William Binney, a whistleblower at the National Security Agency (NSA), had his life turned upside down after revealing to the public just how much information the United States government is gathering on its citizens. He says the most recent wave began after September 11, 2001, but that it has only accelerated in recent years.
A 32-year veteran of the agency, Binney had the title of senior technical director and was considered one of the foremost mathematicians and code breakers in the business, according to a documentary featured in the New York Times. He quit, however, after the NSA started using programs it had developed to spy on foreign governments, to spy on Americans.
He has not been silent since his resignation, and is warning Americans from every platform he can find. He recently gave a chilling interview to Russia Today, and then spoke with TheBlaze TV.
With Russia Today, Binney reiterated how the government is collecting information on everyone, not just national security risks and suspected national security risks. Then, if you become a target "for whatever reason," he explained, " the government can go in-- or the FBI, or other agencies of the government-- they can go into their database, pull all that data collected."
And with hundreds of thousands of pages of regulations these days, you are doing something wrong.
Here is a partial transcript from the interview:
RT: You blew the whistle on the agency when George W. Bush was the president. With President Obama in office, in your opinion, has anything changed at the agency, in the surveillance program? In what direction is this administration moving?
WB: The change is it’s getting worse. They are doing more. He is supporting the building of the Bluffdale facility [in Utah], which is over two billion dollars they are spending on storage room for data. That means that they are collecting a lot more now and need more storage for it...
RT: It seems that the public is divided between those who think that the government surveillance program violates their civil liberties, and those who say, 'I’ve nothing to hide. So, why should I care?' What do you say to those who think that it shouldn't concern them?
WB: The problem is if they think they are not doing anything that’s wrong, they don’t get to define that. The central government does, the central government defines what is right and wrong and whether or not they target you. So, it’s not up to the individuals. Even if they think they aren't doing something wrong, if their position on something is against what the administration has, then they could easily become a target.
RT: Tell me about the most outrageous thing that you came across during your work at the NSA.
WB: The violations of the Constitution and any number of laws that existed at the time. That was the part that I could not be associated with. That’s why I left. They were building social networks on who is communicating and with whom inside this country. So that the entire social network of everybody, of every US citizen was being compiled over time. So, they are taking from one company alone roughly 320 million records a day. That’s probably accumulated probably close to 20 trillion over the years. [Emphasis added]

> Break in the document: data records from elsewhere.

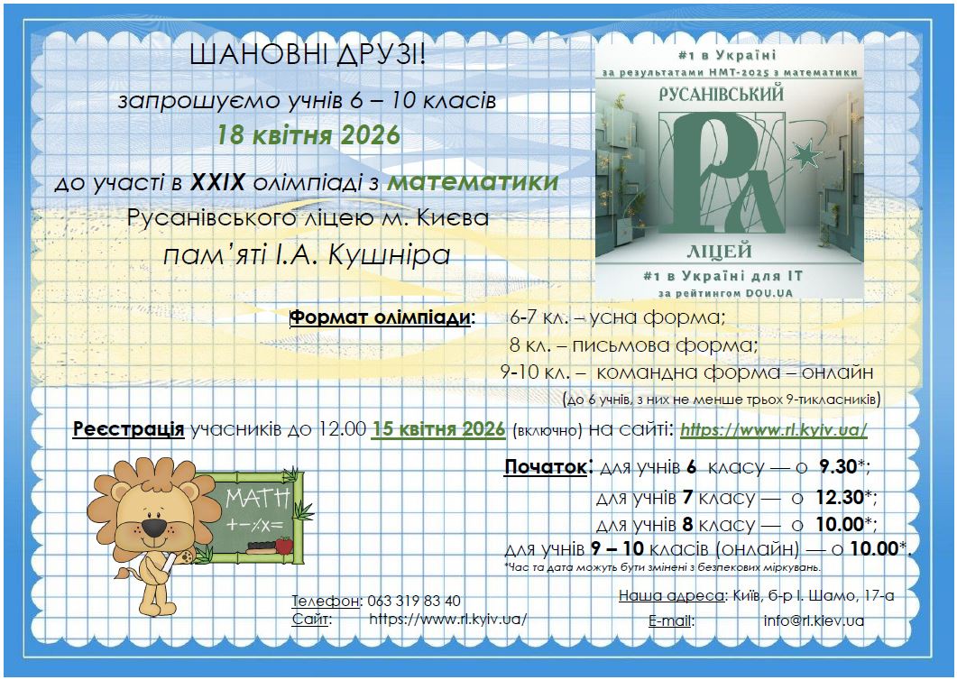 Запрошення на ХXІX олімпіаду з математики Русанівського ліцею пам’яті І.А.КУШНІРА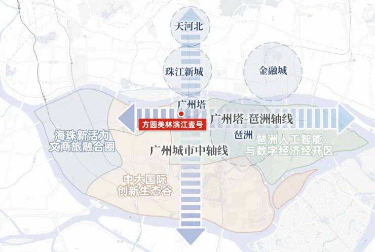 在我看来,和许多“蹭”中轴的项目不同,方圆美林滨江壹号乃是妥妥的中轴C位,而且还在珠江新城-广州塔、广州塔-琶洲两大轴线的交汇处,出生已经躺赢。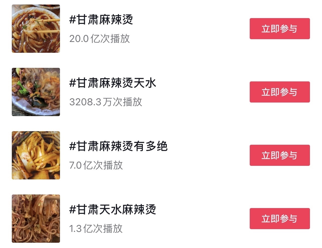“這兩條視頻吸引了大量網(wǎng)民觀看、點(diǎn)贊、轉(zhuǎn)發(fā),之后陸續(xù)有網(wǎng)民發(fā)布相關(guān)視頻。”3月18日,甘肅省文化和旅游廳在回復(fù)網(wǎng)友建議中提到,3月份以來,“甘肅麻辣燙”話題迅速發(fā)酵,視頻內(nèi)容迅速增加,多次登上抖音、快手等短視頻平臺熱榜。截至3月16日18:00,各大短視頻平臺上“甘肅麻辣燙”相關(guān)話題累計(jì)播放量已超過32.6億次。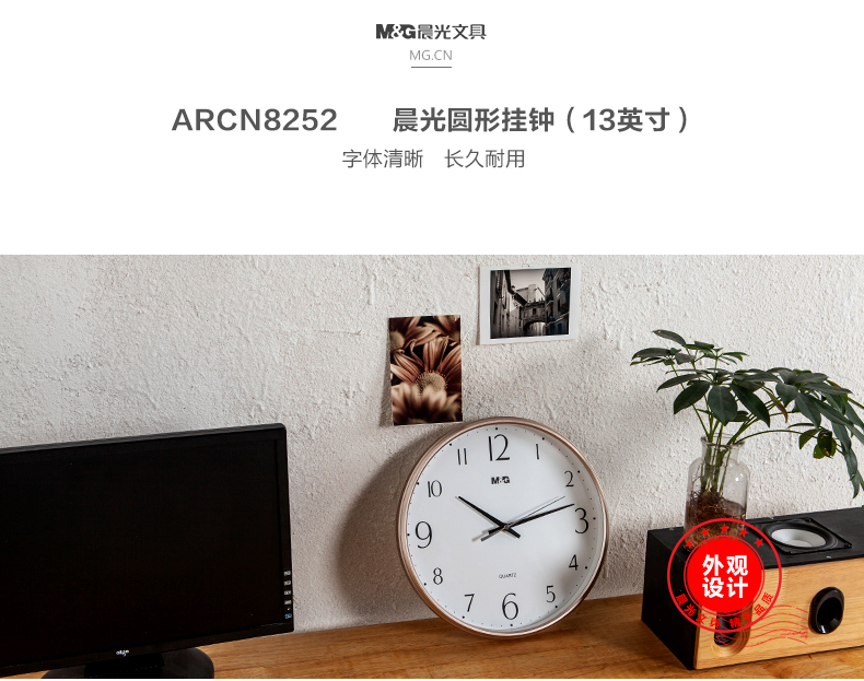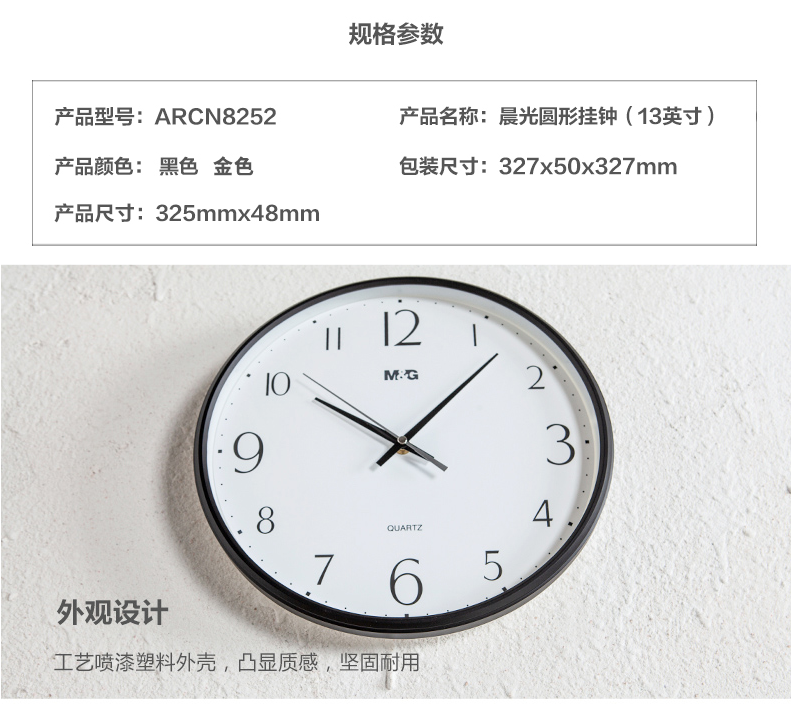 商品名称:晨光经典圆形挂钟13英寸黑色ARCN8252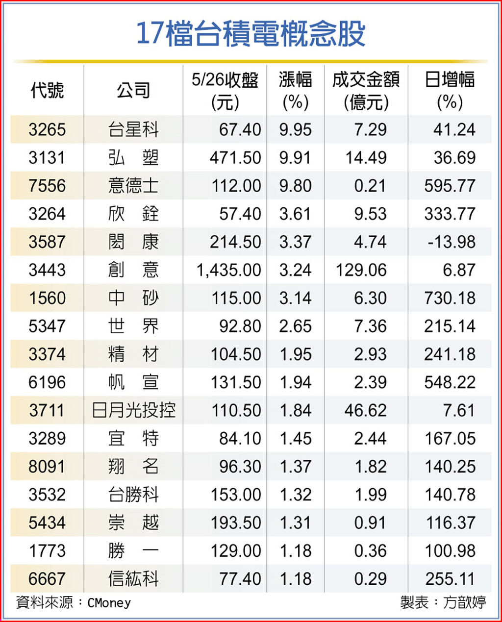 另有包括台星科、弘塑、意德士、欣銓、閎康、創意、中砂、世界、精材、帆宣、日月光投控、宜特、翔名、台勝科、崇越、勝一、信紘科等17檔,台積電供應鏈或概念股全面收紅,成交量多呈現倍增。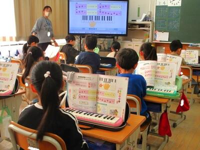 【2年生】1枚目の写真は、音楽の時間の様子です。「かえるのがっしょう」を演奏しています。このあと、グループを3つに分けて輪唱に挑戦しました。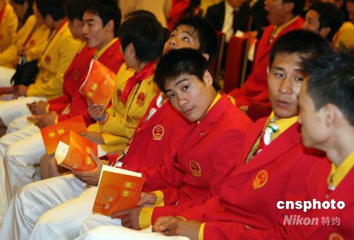 圖:火亮參加北京奧運會中國體育代表團總結(jié)大會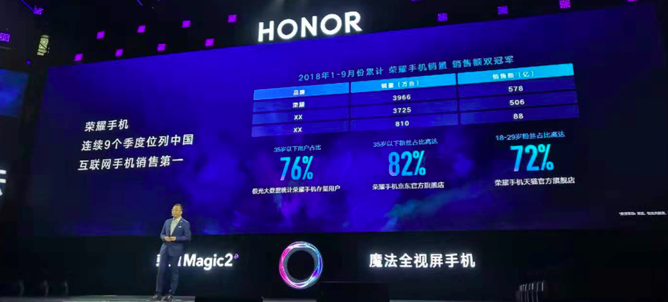 2018年,在全球智能手機(jī)市場(chǎng)增長(zhǎng)遇冷的大勢(shì)下,榮耀繼續(xù)乘風(fēng)破浪的亮眼表現(xiàn)。在國(guó)內(nèi)市場(chǎng),連續(xù)9個(gè)季度位列中國(guó)互聯(lián)網(wǎng)手機(jī)銷(xiāo)售第一,進(jìn)一步夯實(shí)互聯(lián)網(wǎng)手機(jī)第一品牌的地位。據(jù)賽諾數(shù)據(jù)顯示,2018年1-9月,榮耀手機(jī)以3966萬(wàn)臺(tái)的銷(xiāo)量、578億元的銷(xiāo)售額,雙雙進(jìn)入中國(guó)手機(jī)市場(chǎng)的前五,這也是唯一入圍TOP5的互聯(lián)網(wǎng)手機(jī)品牌。同時(shí),榮耀在全球74個(gè)國(guó)家市場(chǎng)以榮耀模式縱深布局、深度耕耘,強(qiáng)勢(shì)進(jìn)入快速增長(zhǎng)通道。

Here is the video, via Russia Today, for more:
When Binney appeared on TheBlaze TV on Tuesday, co-host Pat Gray asked whether he had any fear for his safety, being one of the few people who has had access to the top levels of the NSA to go public with the information. There are several others, but Binney says he believes he is just doing his duty as an American.
"I feel I'm doing the job that a citizen is supposed to do, standing up for the Constitution and the rights of the people," he said humbly.
Binney proceeded to explain the transformation he witnessed within the NSA-- how the program would go from graphing the social networks of potential terrorists, to compiling such graphs on everyone.
At first, he tried to change the organization from the inside:
"I was working with several others [within] the NSA who were with me in this, trying to get the government to address the unconstitutional and illegal activity that they were doing... but we were basically totally unsuccessful in getting them to even recognize that they should change their ways and start doing things legally, out in the open, in a constitutionally acceptable way."
Binney then discussed the recent resignation of Gen. David Petraeus over an extra-marital affair, and how his private communications were intercepted.
"As far as the actual government goes, [adultery] is not a high crime and misdemeanor here," co-host Stu Burguiere weighed in. "It's sort of secondary, and they'll go to that extent to out somebody who may have had a political issue. That's frightening."
Combine that with the government's friendly relationship with Google (and Google's work to be able to predict your future actions), the history of big government, and this government's willingness to declare its political opponents enemies and terrorists, and it would be foolish not to be concerned about the course we're on.